Mam pytanie odnośnie autobotów. Pojawiły się 3 nowe postacie autobotów których wcześniej nie było, skąd one się wzięły?
W 2 części autoboty których wcześniej nie było zostali wezwani przez Optimusa a w 3 części przylecieli statkiem tak więc
skąd oni się wzięli?
pewnie też przylecieli po walce w Chicago, żeby zniszczyć resztę decepticonów, które zostały sprowadzone przez Sentinela w 3 częsci ;)
Przecież po walce w Chicago autoboty też musiały się ukrywać, więc optimus by raczej nie sprowadzał kolejnych autobotów.
I sam sobie odpowiedziałeś. Skoro nie przylecieli to już musieli tutaj być. Fakt jest taki, że w trzeciej części też nie przylecieli statkiem, jak to powiedziałeś. Pojawili się tam wcześniej, podczas pogoni za matrycą, ale nie wyłaniali się.
Przecież w 3 części wszystkie autoboty miały opuścić ziemie i ich nie było w walce o Chicago też brały udział wszystkie autoboty a ich nie było .
po prostu dużo rzeczy działo się poza filmem... po walce w Chicago zapewne przed pewien czas autoboty były cool i zajmowały się wybijaniem resztek deceptów, potem ludziom się znowu nie podobało i zaczęli własne polowanie, z początku na decepticony, potem na autoboty.

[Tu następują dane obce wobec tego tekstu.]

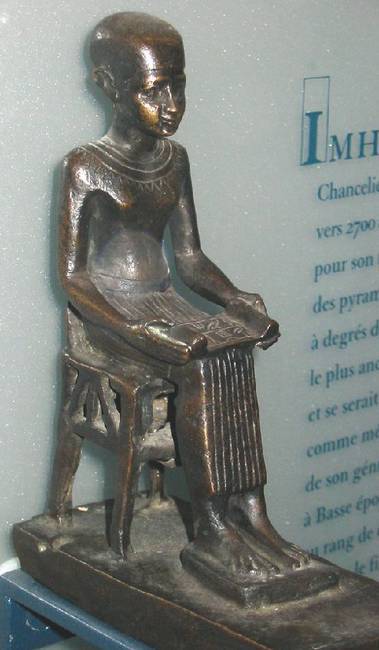 Придумать пирамиду древнему человеку было не так уже просто: до Имхотепа египтяне умели строить лишь прямоугольные храмы с наклонными к центру стенами – мастабы. Но ему пришла в голову гениальная идея поставить одну мастабу на другую, и так родилась ступенчатая пирамида, а Имхотеп стал основоположником архитектурной традиции Древнего царства. Кроме того, есть основания считать его также изобретателем колонны как элемента архитектуры. Кроме своих заслуг зодчего, Имхотеп считается автором фундаментального медицинского исследования, определявшего реальные причины многих болезней. В результате его называют и отцом медицины. Во время раскопок у ступенчатой пирамиды были найдены фрагменты статуи фараона Джосера, на пьедестале которой вместе с именем фараона стояла следующая надпись: «Имхотеп – хранитель сокровищницы царя Нижнего Египта, первый после царя в Верхнем Египте, распорядитель великого дворца, наследник Бога, главный жрец Гелиополя, строитель, архитектор, ваятель каменных ваз».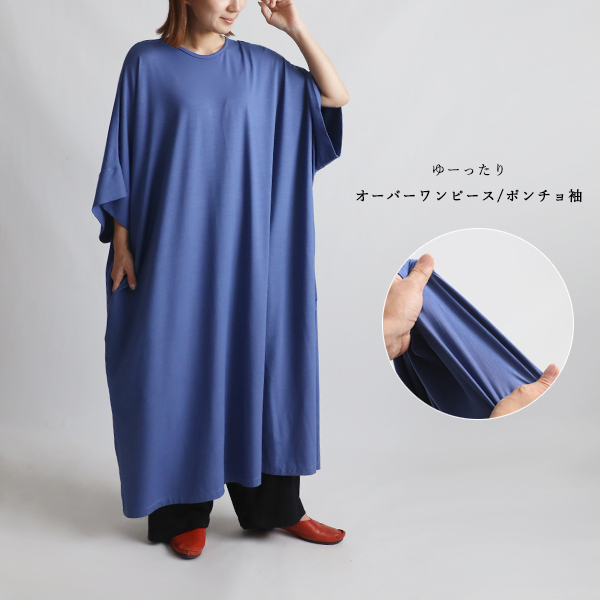 > 秋支度SALE 120cm とろみ伸縮カットソー ゆったり ポンチョ袖 オーバーシャツ ワンピース ワイド ブルーパープル F61A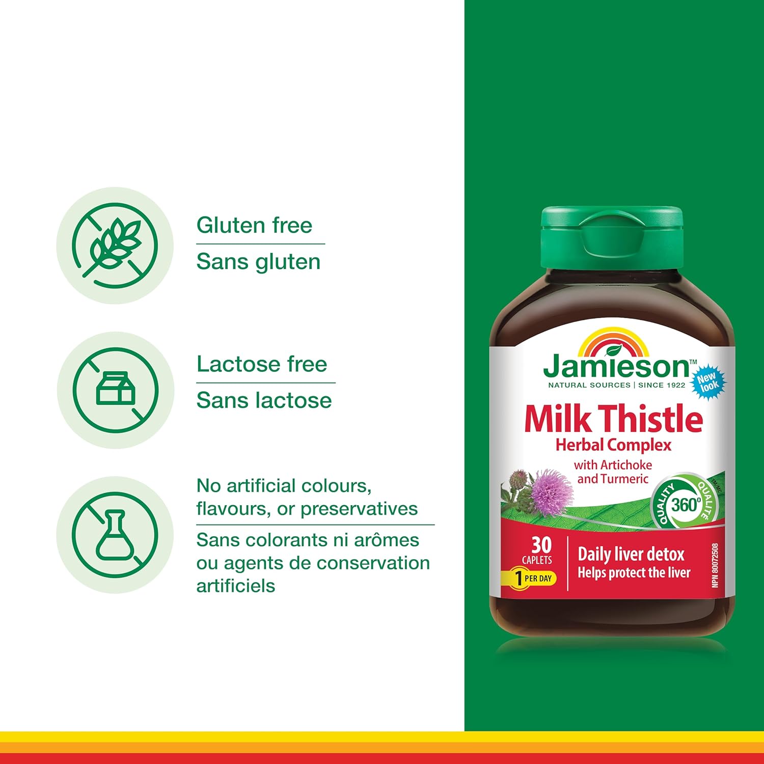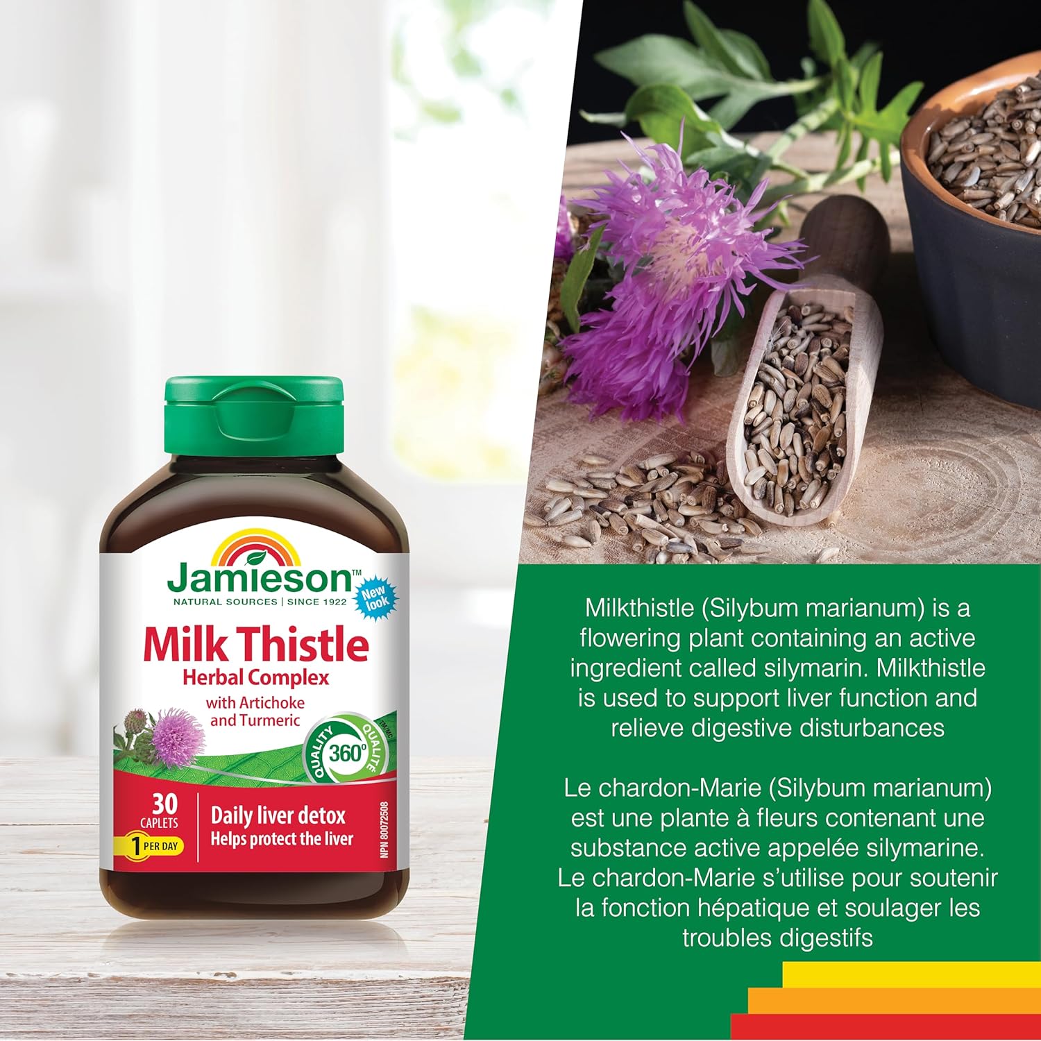 Jamieson 奶蓟草本复合物,蕴含朝鲜蓟和姜黄,有益肝脏和消化系统健康。非转基因,无麸质,30粒素食胶囊,加拿大制造

Z filmu jeszcze można było się dowiedzieć, że ludzie wciąż polują na jakąś garstkę decepticonów, które się ukrywają - być może znajdzie je galvatron ;)
Znowu sobie sam odpowiedziałeś, więc po co się kłócisz, że przecież to przecież tamto? Do tego sam sobie mieszasz. Mówisz, że wszyscy mieli opuścić ziemię, a film wyraźnie ci pokazuje, że nikt tego nie zrobił. Więc o czym temat?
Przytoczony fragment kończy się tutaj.